Below her, the sailor, his shirt torn from his shoulders, his bronze hair drenched, his face tormented by wondrous obsession and fatigue, sank in the waters at her feet, one hand reaching up towards her in supplication.

Just looking at the painting, Mattie could feel their tragedy. Yet the scene spoke of hope as well. From the skies above the doomed pair, the somber clouds broke to reveal a single shimmering bolt of sunlight, a guiding beacon to heaven and happiness beyond.

So enrapt was she, reliving the emotion of the painting—sorrow, frustration, promise—that at first Mattie failed to hear the whispers. When they finally registered, she couldn’t have been more astonished.

"Good God!"

"What kind of daughter—“

"—not even a stitch of clothing!"

"Lawrence would turn in his grave if—“

"How could she—“

"Indecent, I tell you!"

The spell of the painting broken, Mattie turned a bewildered face to the crowd. Some of them stood with open mouths, as if she’d just unveiled a three-headed calf. Uncle Ambrose’s face turned ruddy, and he shook with outrage. And in the corner of the room, her perfectly composed cousin Diana fell over in a dead faint.

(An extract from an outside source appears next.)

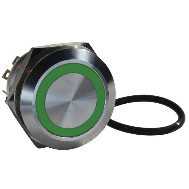 This is manufactured by CIT Relay and Switch. The manufacturer part number is DH221NBSG24. It is assigned with possible HTSUS value of 8536.50.9031. The product is rohs compliant. The product offers long-lasting services of 50,000 cycles. Moreover, it has solder, quick connect - 0.110" (2.8mm) terminal style. 24 v of DC voltage rating. The product has -25°c ~ 70°c operating temperature range. It also has a circular - 22.00mm dia dimensional features. It comes in anti-vandal, illuminated configuration. The product exhibits 125 v of AC voltage rating. In addition, it is reach unaffected. It is supplied with led, green illumination. It is shipped in tray package . It is designed as a on-mom, off-mom switching function. Its typical moisture sensitivity level is 1 (unlimited). The actuator marking of the product corelates with no marking. It has an integral dpst-no/nc circuit. It has a long 9 weeks standard lead time. Additionally, the product's output is 2a (ac/dc). It is IP rated with ip67 - dust tight, waterproof. The product is available in panel mount, front configuration. The product dh, is a highly preferred choice for users. It is made from silver. The product carries round, button, flush actuator. The nominal illumination voltage of the product is 24 vdc. Moreover, it corresponds to dh221, a base product number of the product. The product is designated with the ear99 code number.

A full hour had passed since the debacle in the ballroom. Yet Mattie still waited, picking at the arm of the worn leather chair facing her uncle’s deserted desk in the library. Clearly he intended to let her stew until all the guests departed before he came, as he’d promised, "to deal with her." She wondered if he made his petitioners fidget in this chair before they begged him for a morsel of his considerable funds.

She chewed at her lip. She didn’t understand why everyone had reacted so badly to her work. Surely Diana’s swooning had less to do with what she’d seen on the canvas than with the tightness of her stays—which was a perfect example of what the Pre-Raphaelites fought against. Restraint was a thing of the past. Constriction of one’s artistic expression made no more sense than the wasp-waisted devices of torture women endured in the name of fashion.

Yes, she thought, scooting the chair back with a harsh scrape. That was it. She’d explain it all to her uncle when he came to speak to her.
If
he ever came.

She rubbed a damp palm over the arm of the chair, then pushed herself up again and began pacing. Had the Brothers faced such scorn when they first presented their paintings to the public? She supposed she’d have to inure herself to criticism if she wanted to ascend to their prominence in the art world. For above all—as her parents had told her from the time she was old enough to hold a paintbrush—she must never fight her nature. She must be true to herself.